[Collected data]
■ ■ ■ ■ ■ ■ ■
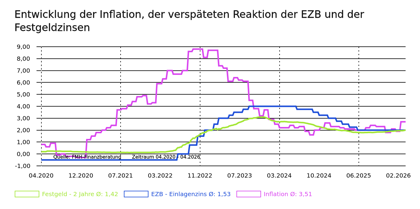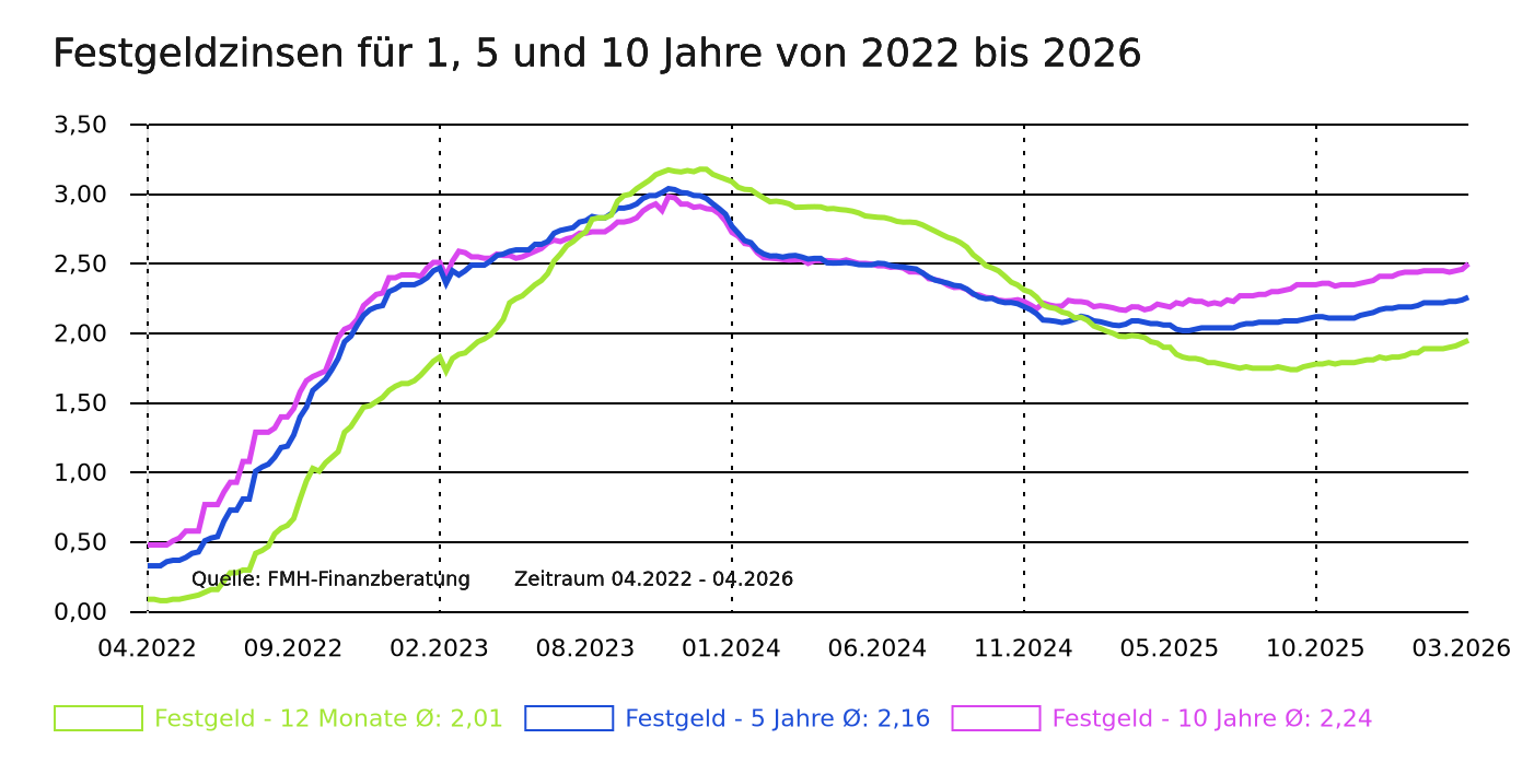 Die Entwicklung der Festgeldzinsen wird sehr stark beeinflusst von der Entwicklung der Inflation und somit auch von den EZB-Leitzins Entscheidungen. Deshalb stellt sich aktuell die Frage: Wie geht es weiter mit dem Iran-Krieg und unseren Erdöl- und Gaslieferungen aus dem Kriegsgebiet? Vermutlich wird die Ölknappheit auch noch einige Zeit weiter bestehen, selbst wenn den Krieg beendet sein sollte. Diese Energieverteuerung wirkt sich voll auf die Inflation aus. Die EZB wird höchstwahrscheinlich sehr kurzfristig auf die steigende Inflation reagieren und ihren Einlagenzins erhöhen, um die Inflation im Griff zu haben. Da in nächster Zeit viele Anleger die steigenden Zinsen nutzen werden, um langfristige Festgelder anzulegen, werden die Banken diese Festgelder nicht besonders gut verzinsen - wegen der hohen Nachfrage. Auf der anderen Seite benötigen die Banken auch kurzfristige Geldanlagen für die Kreditanfragen der Kunden. Um diese kurzfristigen Geldanlagen attraktiv zu machen, gibt es beim Festgeld bis zu drei Jahren oft bessere Zinsen als bei den langen Laufzeiten. Dies wird sich erst wieder ändern, wenn das Zinsniveau längere Zeit stabil bleibt.
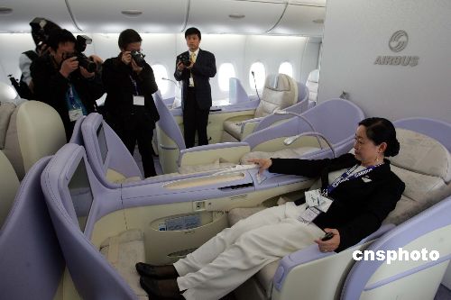 A380上海展示全新雙層飛機(jī)內(nèi)飾。
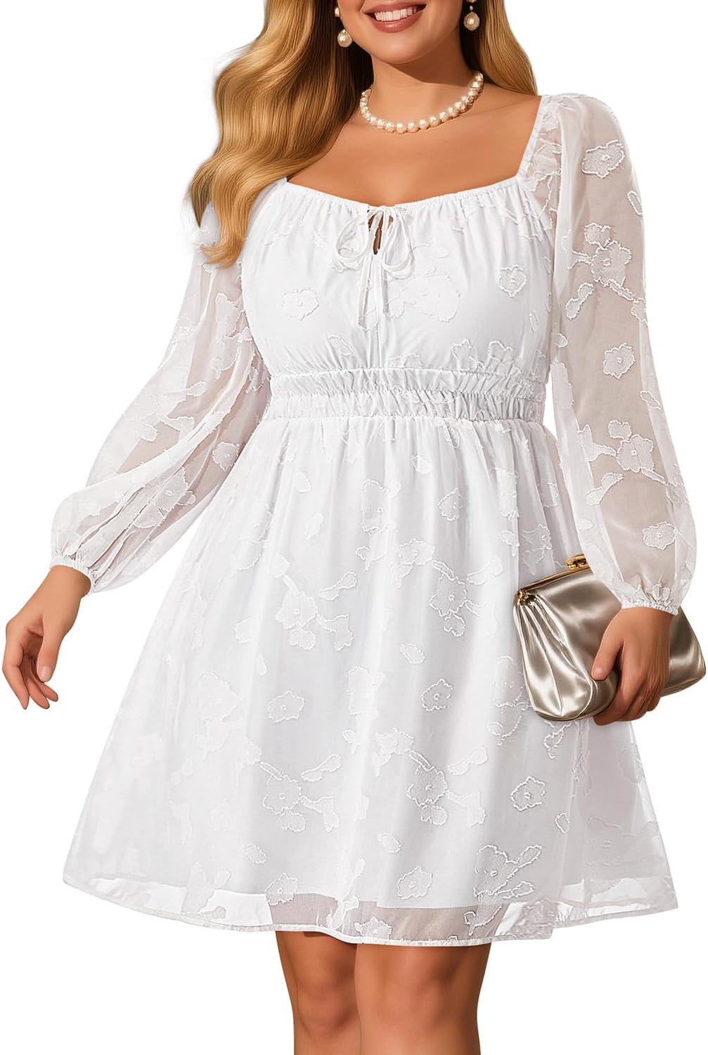 Pinup Fashion Plus Size Wedding Guest Dress 2025 - Graduation Spring Long Sleeve Floral Lace Short Dress
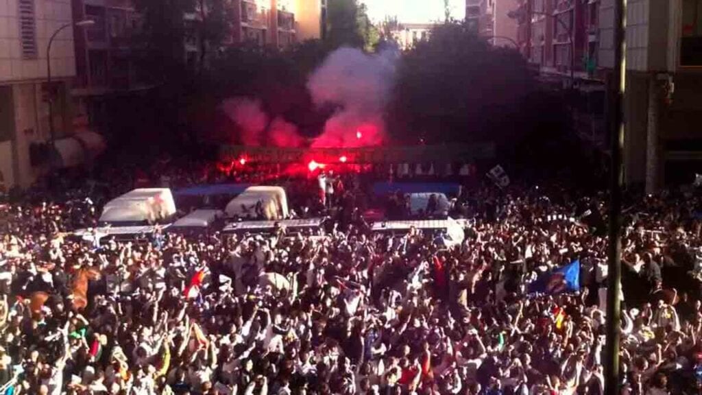 Este Madrid debe encender el fuego y conservarlo. Y soñar con el gol, que nunca antes fue tanto sueño, como la vida de Calderón. Este Madrid necesita ser libre, sentirse libre. Guardar el fuego, cuidarlo y sacarlo a pasear íntimamente por esos campos vacíos. Este Madrid no cuenta con sus elementos, pero al mismo tiempo sí, es extraño. Como si le faltara la argamasa para juntarlos y que funcionen juntos. Es un Madrid pobre. Como sopa, como gachas. Pillado en mitad de un viaje, alejado de su casa y de su destino.
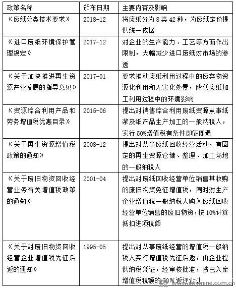 自1995年以来,中国政府发布并实施系列政策促进废纸回收行业发展。
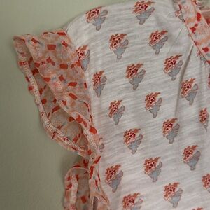 Lucky Brand Pink Floral Blouse with Ruffle Sleeves
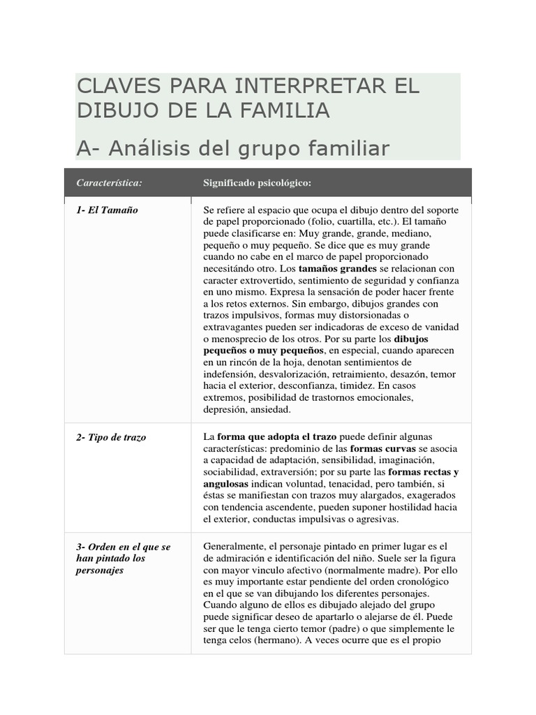 de las figuras (padre, identificación con el núcleo familiar o sentimientos de
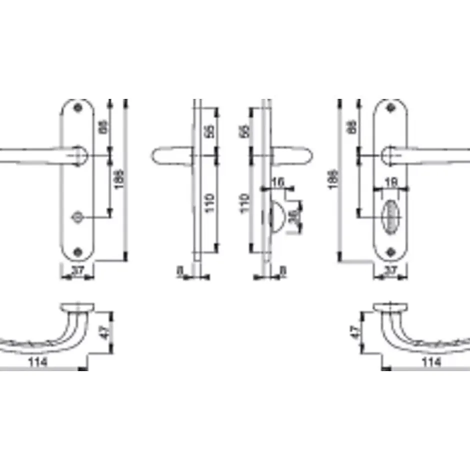 - Dimensions de la garniture adaptées aux portes standard — hauteur plaque 186 mm, largeur 37 mm, longueur de béquille 116 mm, saillie 47 mm.
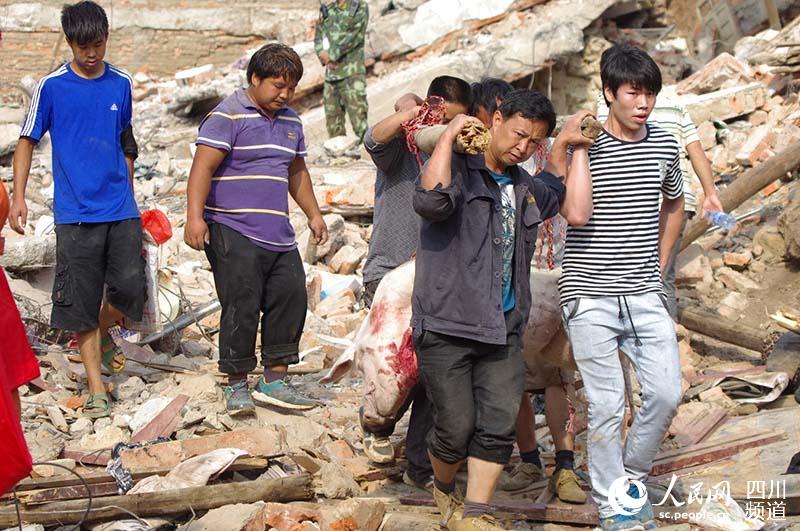 村民们自发将自己家的猪杀了送给参与救援的官兵,图为村民们抬着猪从废墟上走过。(陈永斌摄)
■ ■ ■ ■ ■ ■ ■
About this exercise ::
Your task is to repeat the data above exactly while excluding the pictures.

Answer space ::
 Die Entwicklung der Festgeldzinsen wird sehr stark beeinflusst von der Entwicklung der Inflation und somit auch von den EZB-Leitzins Entscheidungen. Deshalb stellt sich aktuell die Frage: Wie geht es weiter mit dem Iran-Krieg und unseren Erdöl- und Gaslieferungen aus dem Kriegsgebiet? Vermutlich wird die Ölknappheit auch noch einige Zeit weiter bestehen, selbst wenn den Krieg beendet sein sollte. Diese Energieverteuerung wirkt sich voll auf die Inflation aus. Die EZB wird höchstwahrscheinlich sehr kurzfristig auf die steigende Inflation reagieren und ihren Einlagenzins erhöhen, um die Inflation im Griff zu haben. Da in nächster Zeit viele Anleger die steigenden Zinsen nutzen werden, um langfristige Festgelder anzulegen, werden die Banken diese Festgelder nicht besonders gut verzinsen - wegen der hohen Nachfrage. Auf der anderen Seite benötigen die Banken auch kurzfristige Geldanlagen für die Kreditanfragen der Kunden. Um diese kurzfristigen Geldanlagen attraktiv zu machen, gibt es beim Festgeld bis zu drei Jahren oft bessere Zinsen als bei den langen Laufzeiten. Dies wird sich erst wieder ändern, wenn das Zinsniveau längere Zeit stabil bleibt.
 A380上海展示全新雙層飛機(jī)內(nèi)飾。
 Pinup Fashion Plus Size Wedding Guest Dress 2025 - Graduation Spring Long Sleeve Floral Lace Short Dress
 Este Madrid debe encender el fuego y conservarlo. Y soñar con el gol, que nunca antes fue tanto sueño, como la vida de Calderón. Este Madrid necesita ser libre, sentirse libre. Guardar el fuego, cuidarlo y sacarlo a pasear íntimamente por esos campos vacíos. Este Madrid no cuenta con sus elementos, pero al mismo tiempo sí, es extraño. Como si le faltara la argamasa para juntarlos y que funcionen juntos. Es un Madrid pobre. Como sopa, como gachas. Pillado en mitad de un viaje, alejado de su casa y de su destino.
 自1995年以来,中国政府发布并实施系列政策促进废纸回收行业发展。
 Lucky Brand Pink Floral Blouse with Ruffle Sleeves
 de las figuras (padre, identificación con el núcleo familiar o sentimientos de
 - Dimensions de la garniture adaptées aux portes standard — hauteur plaque 186 mm, largeur 37 mm, longueur de béquille 116 mm, saillie 47 mm.
 村民们自发将自己家的猪杀了送给参与救援的官兵,图为村民们抬着猪从废墟上走过。(陈永斌摄)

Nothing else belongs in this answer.